Malaria Consortium, London, United Kingdom.
PLoS One. 2021 May 24;16(5):e0251101. doi: 10.1371/journal.pone.0251101. eCollection 2021.
Viral outbreaks present a particular challenge in countries in Africa where there is already a high incidence of other infectious diseases, including malaria which can alter immune responses to secondary infection. Ebola virus disease (EVD) is one such problem; understanding how Plasmodium spp. and Ebolavirus (EBOV) interact is important for future outbreaks.
We conducted a systematic review in PubMed and Web of Science to find peer-reviewed papers with primary data literature to determine 1) prevalence of EBOV/Plasmodium spp. coinfection, 2) effect of EBOV/Plasmodium spp. coinfection on EVD pathology and the immune response, 3) impact of EBOV/Plasmodium spp. coinfection on the outcome of EVD-related mortality. Random effects meta-analyses were conducted with the R package meta to produce overall proportion and effect estimates as well as measure between-study heterogeneity.
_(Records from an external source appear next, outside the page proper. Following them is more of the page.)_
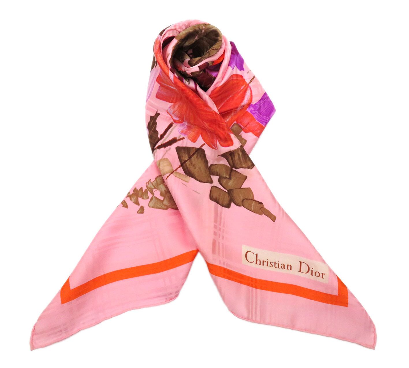 Christian Dior / クリスチャンディオール フラワー 花&チェック 柄 大判 シルク スカーフ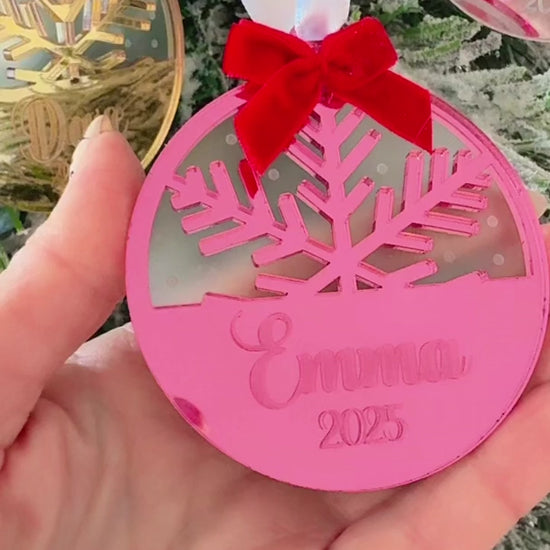 Add a touch of shimmer and personalization to your tree this year with our custom mirror acrylic snowflake ornament. Each ornament is laser engraved with any name and features a festive red bow, white satin ribbon and comes in its own gift box. It's Ready to hand or gift.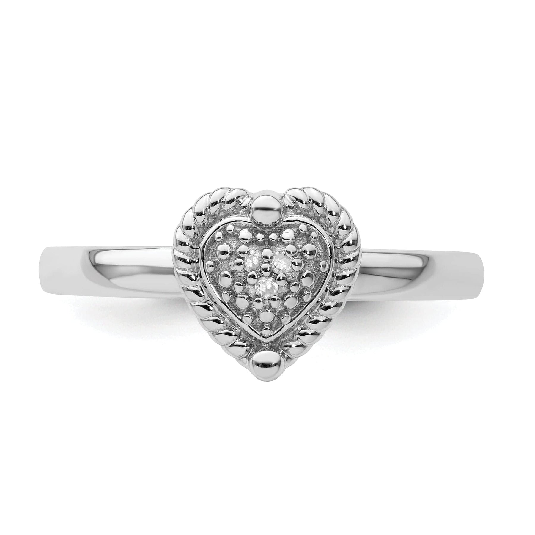 Elevate your jewelry collection with this stunning Sterling Silver Stackable Expressions Heart Diamond Ring. This beautiful ring is crafted from high-quality sterling silver and features a delicate heart design adorned with a sparkling diamond at its center.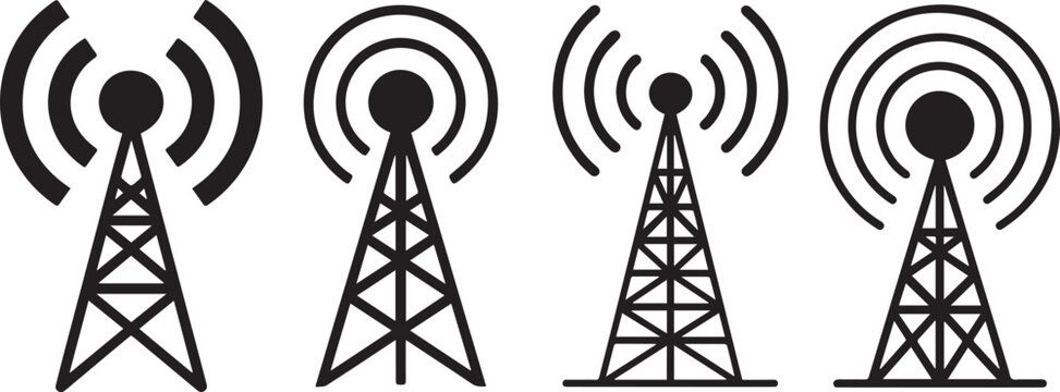 "Black and white communication tower icons with wireless signal waves, vector illustration of radio antenna transmitting data, mobile network broadcast and telecommunication design"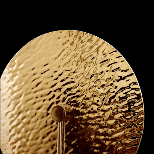 Original wall lamp with modern design from the series Mare, made of colour brass metal base and decorative round glass diffuser with mirror coating and unique texture. Attractive design solution for the interior lighting of your stylish living room, dining room, bedroom, hotel or restaurant.
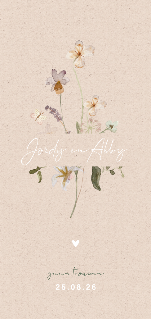 Romantische trouwkaart met kartonlook en afgeronde hoeken. Op deze huwelijksuitnodiging aquarel bloemen met de namen van het bruidspaar ertussen in een sierlijk lettertype en écht goudfolie. De folie heeft een mooie glans en geeft deze kaart een extra luxe uitstraling. De namen en trouwdatum pas je eenvoudig aan in onze editor.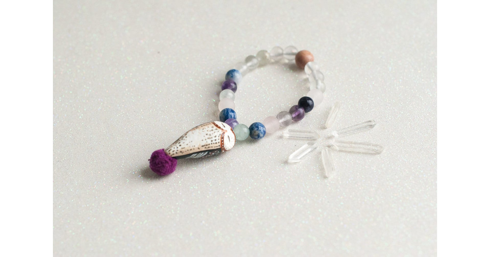 Sacred Barn Owl Mala Bracelet: CALMING ENERGY | Amethyst, Fluorite, Sodalite | A Creature of One Wil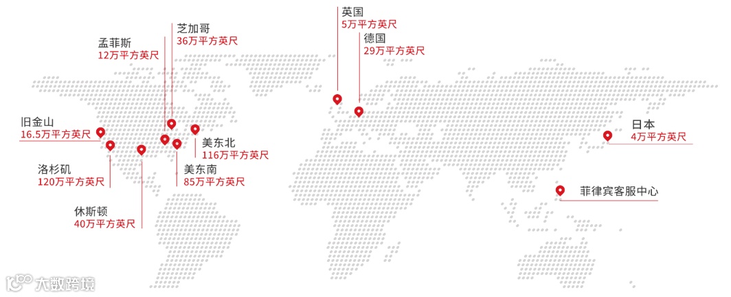 ● 仓储面积:约36万平方英尺

From 322 peer-reviewed papers, 17 were included in the qualitative review and nine were included in a meta-analysis. Prevalence of coinfection was between 19% and 72%. One study reported significantly lower coagulatory response biomarkers in coinfected cases but no difference in inflammatory markers. Case fatality rates were similar between EBOV(+)/Pl(+) and EBOV(+)/Pl(-) cases (62.8%, 95% CI 49.3-74.6 and 56.7%, 95% CI 53.2-60.1, respectively), and there was no significant difference in risk of mortality (RR 1.09, 95% CI 0.90-1.31) although heterogeneity between studies was high. One in vivo mouse model laboratory study found no difference in mortality by infection status, but another found prior acute Plasmodium yoeli infection was protective against morbidity and mortality via the IFN-γ signalling pathway.
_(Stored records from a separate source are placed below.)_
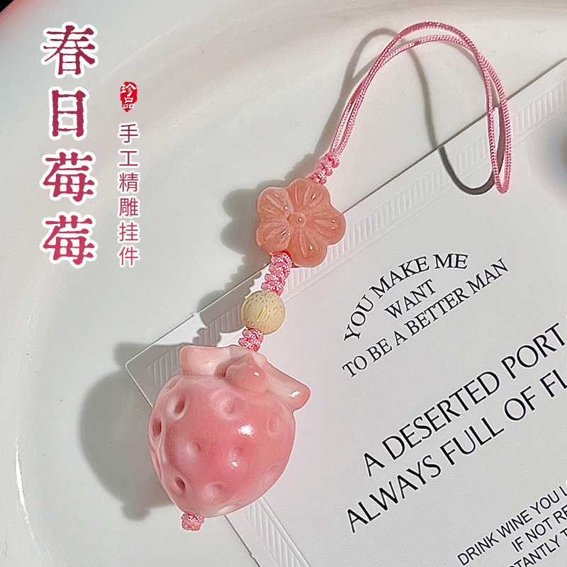 天然象牙フルーツ彫刻イチゴ携帯電話吊りチェーン親友バッグキーホルダージュエリーペンダントライブブロードキャスト供給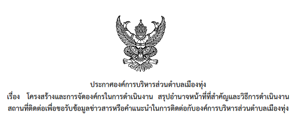 ประกาศขององค์การบริหารส่วนตำบลเมืองทุ่ง.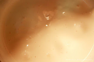 Preparamos el almíbar colocando al fuego el azúcar y cubriéndolo con agua justo por encima, removeremos continuamente hasta que comience a tomar el punto adecuado, que sera cuando pierda esa liquidez y espese un poquito y sin color.Retiramos del fuego.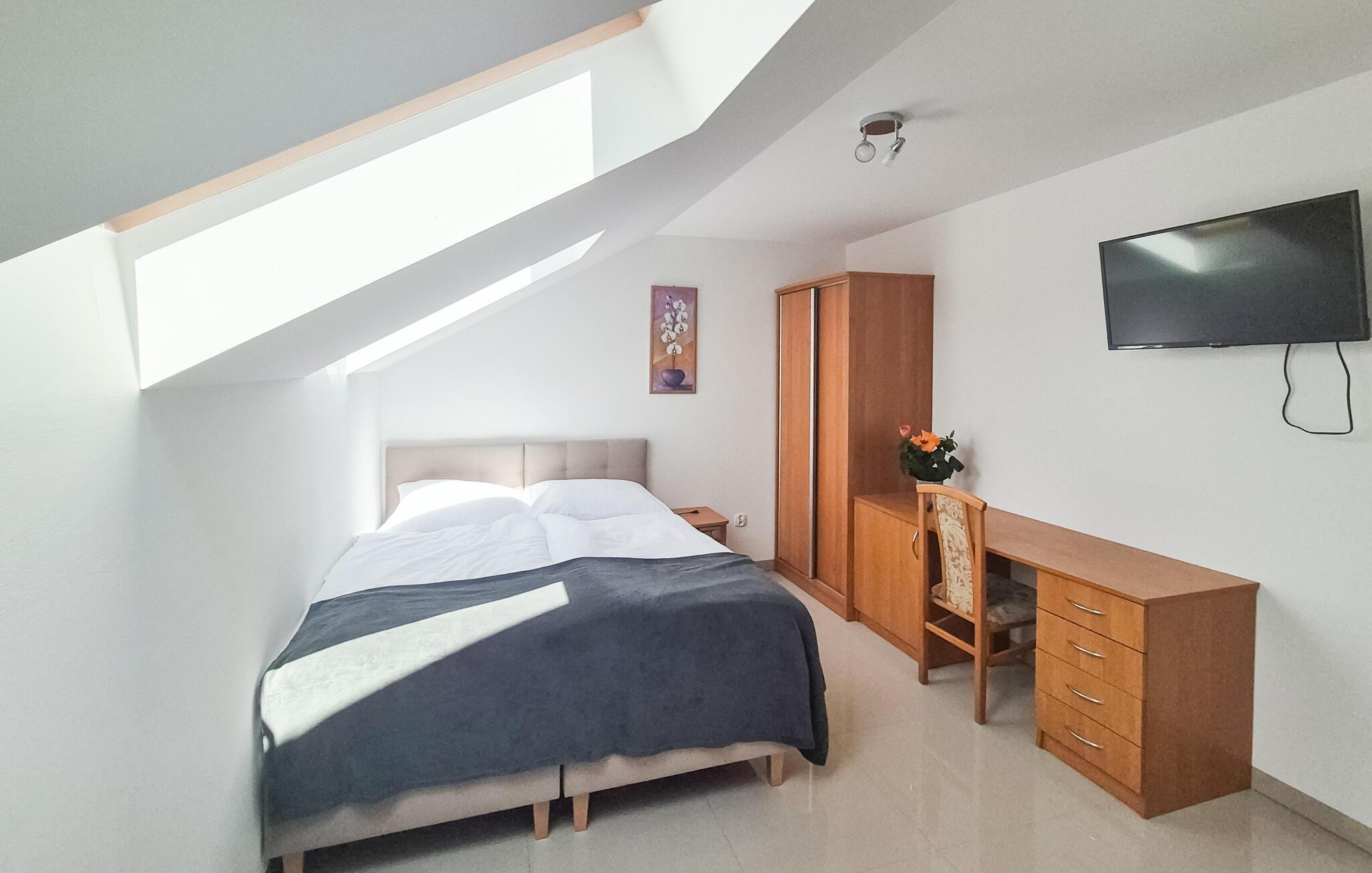 Denne indbydende, æyse ferielejlighed ligger i Bedzino, nogle få kilometer fra den polske kyst mod Østersøen. Nyd nogle afslappende dage her med kæresten, den lille familie eller jeres hunde. De velindrettede, flotte rum giver jer alt, hvad I skal bruge til at forsøde dagene, både når I laver mad, nyder dagens måltider, spiller brætspil eller bare slapper af.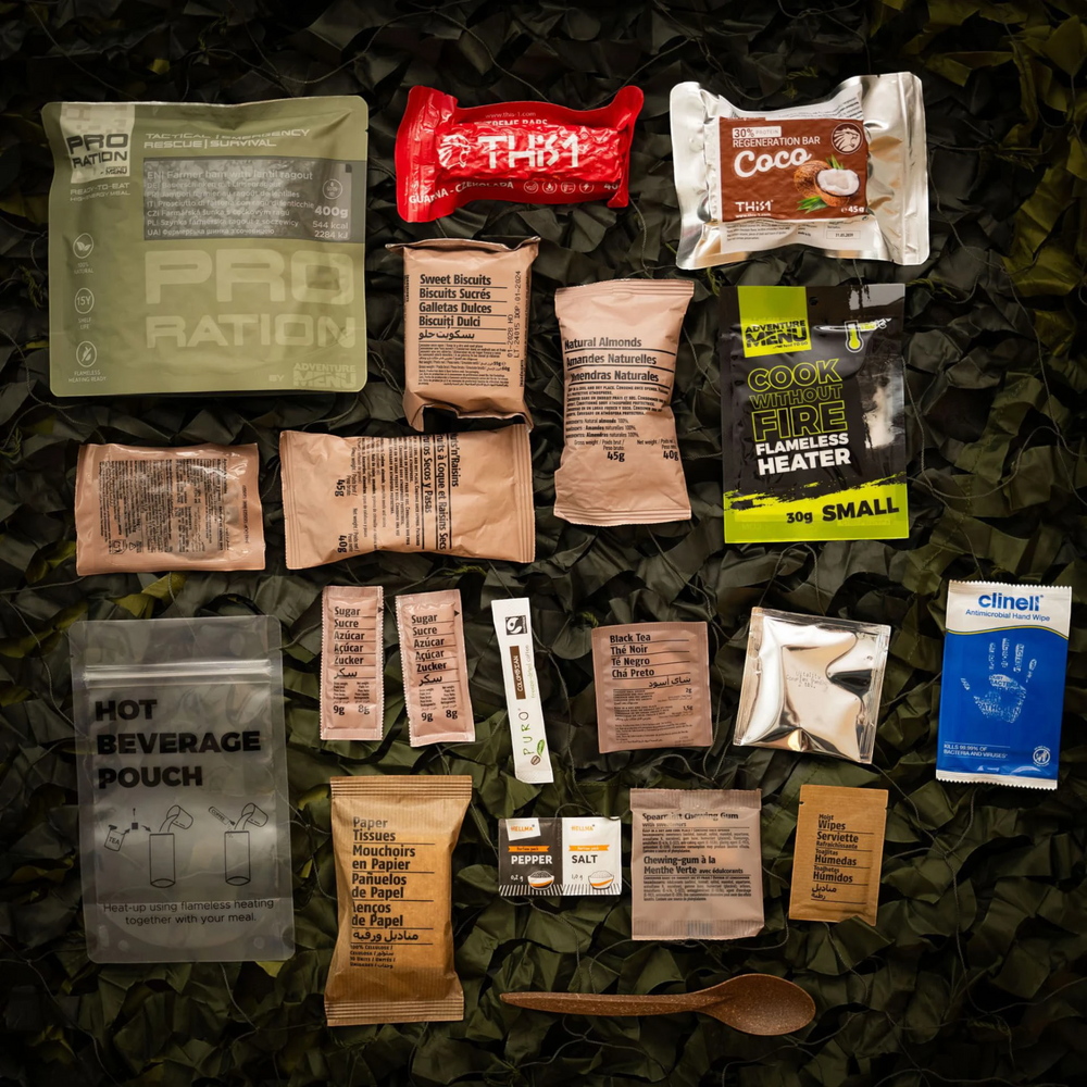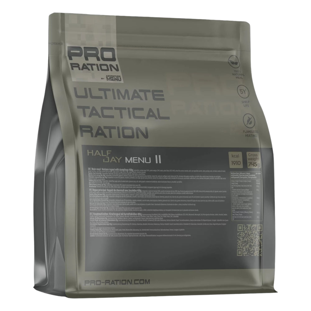Das Pro-Ration Ultimate Tactical Ration Halbtagesmenü II bietet eine ausgewogene Mischung aus nahrhaften Mahlzeiten und Snacks, ideal für anspruchsvolle Outdoor-Aktivitäten oder lange Arbeitseinsätze. Dieses kompakte und leicht transportierbare Set versorgt dich mit allen notwendigen Nährstoffen und sorgt dafür, dass du unterwegs gut versorgt bist. Mit einer schmackhaften Hauptmahlzeit und einer Vielzahl an energiereichen Snacks ist es die perfekte Lösung für unterwegs.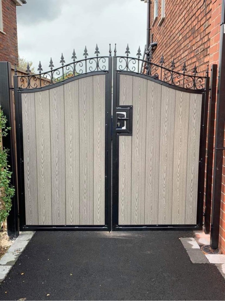 We use composite board infil panels, set within a steel frame. These give a virtually maintenance free option to wood, and are available in a range of colours/finishes.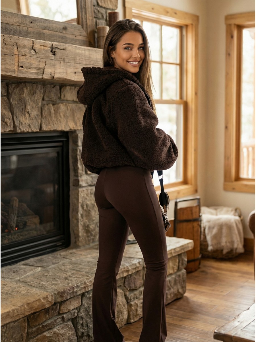 The flared-leg design visually elongates the legs and slims the silhouette, while the elastic waistband ensures complete freedom of movement and all-day comfort.
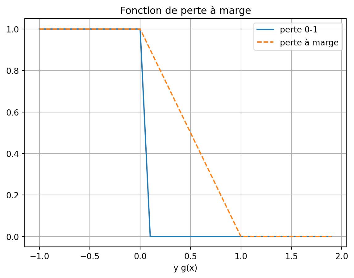 Pour une marge \gamma \geq 0, la fonction de perte à marge est donnée par \ell_{\gamma}(f,x,y) = \varphi_{\gamma}(yg(x)),\qquad \varphi_{\gamma}(u) = \begin{cases}1 ,&\text{si } u \leq 0 \\ 1 - \frac{u}{\gamma},& \text{si } u\in(0,\gamma)\\ 0, & \text{si } u\geq \gamma\end{cases} et elle fournit une majoration de la perte classique de classification 0-1 \ell(f,x,y) : \forall (f,x,y),\quad \ell_{\gamma}(f,x,y) \geq \ell(f,x,y) car \ell(f,x,y) = \mathbf{1}(f(x)\neq y) \leq \mathbf{1}(y g(x) \leq 0).

The literature was inconclusive; studies varied widely and there was little attempt to adjust for confounding variables. Laboratory studies may present the best option to answer how pathogens interact within the body but improvement in data collection and analysis and in diagnostic methods would aid patient studies in the future.
在已经存在高发病率的其他传染病(包括可能改变对二次感染的免疫反应的疟疾)的非洲国家,病毒爆发构成了一个特殊挑战。埃博拉病毒病(EVD)就是这样一个问题;了解疟原虫属和埃博拉病毒(EBOV)如何相互作用对于未来的爆发很重要。
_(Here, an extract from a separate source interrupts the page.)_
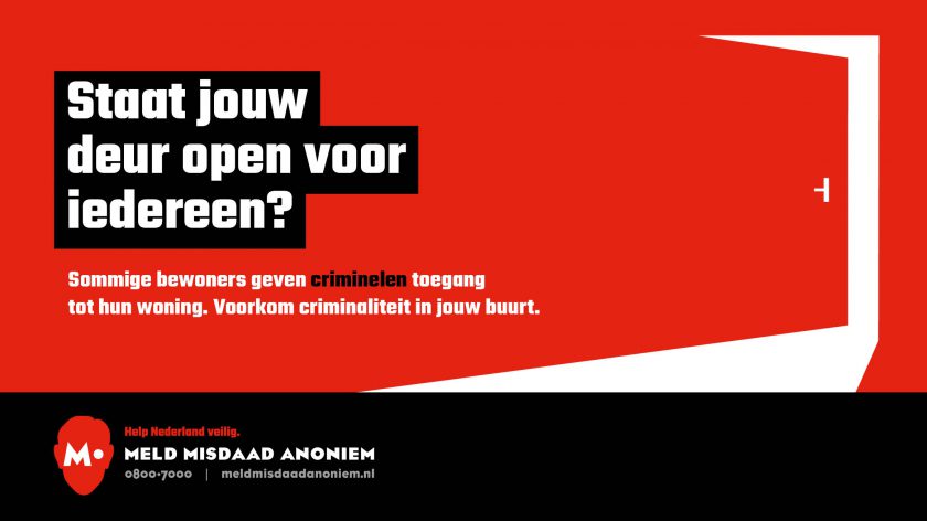 `Staat jouw deur open voor iedereen?´ Onder die noemer starten gemeente Hoeksche Waard, woningcorporatie HW Wonen en Meld Misdaad Anoniem (M.) op 29 mei een campagne tegen misstanden in huurwoningen. De woningen worden soms misbruikt door criminelen om wapens en cash op te slaan, te dealen, drugs te versnijden of voor illegale prostitutie. Ze krijgen toegang doordat bewoners een kamer of ruimte afstaan. De campagne vergroot het bewustzijn van huurders, brengt signalen onder de aandacht en verlaagt de drempel om te melden. Meld Misdaad Anoniem richtte zich al eerder op…

我们在 PubMed 和 Web of Science 上进行了系统综述,以查找具有原始数据文献的同行评议论文,以确定 1)EBOV/疟原虫属混合感染的流行率,2)EBOV/疟原虫属混合感染对 EVD 病理学和免疫反应的影响,3)EBOV/疟原虫属混合感染对 EVD 相关死亡率结果的影响。使用 R 包 meta 进行随机效应荟萃分析,以产生总体比例和效应估计值,并测量研究之间的异质性。
从 322 篇同行评议论文中,有 17 篇被纳入定性综述,9 篇被纳入荟萃分析。混合感染的流行率在 19%至 72%之间。一项研究报告称,混合感染病例的凝血反应生物标志物显著降低,但炎症标志物无差异。EBOV(+)/Pl(+)和 EBOV(+)/Pl(-)病例的病死率相似(分别为 62.8%,95%CI 49.3-74.6 和 56.7%,95%CI 53.2-60.1),且死亡率无显著差异(RR 1.09,95%CI 0.90-1.31),尽管研究之间存在高度异质性。一项体内小鼠模型实验室研究发现,感染状态对死亡率没有影响,但另一项研究发现,先前急性疟原虫 yoeli 感染通过 IFN-γ 信号通路对发病率和死亡率具有保护作用。
文献结果并不一致;研究差异很大,很少有尝试调整混杂变量。实验室研究可能是回答病原体如何在体内相互作用的最佳选择,但改善数据收集和分析以及诊断方法将有助于未来的患者研究。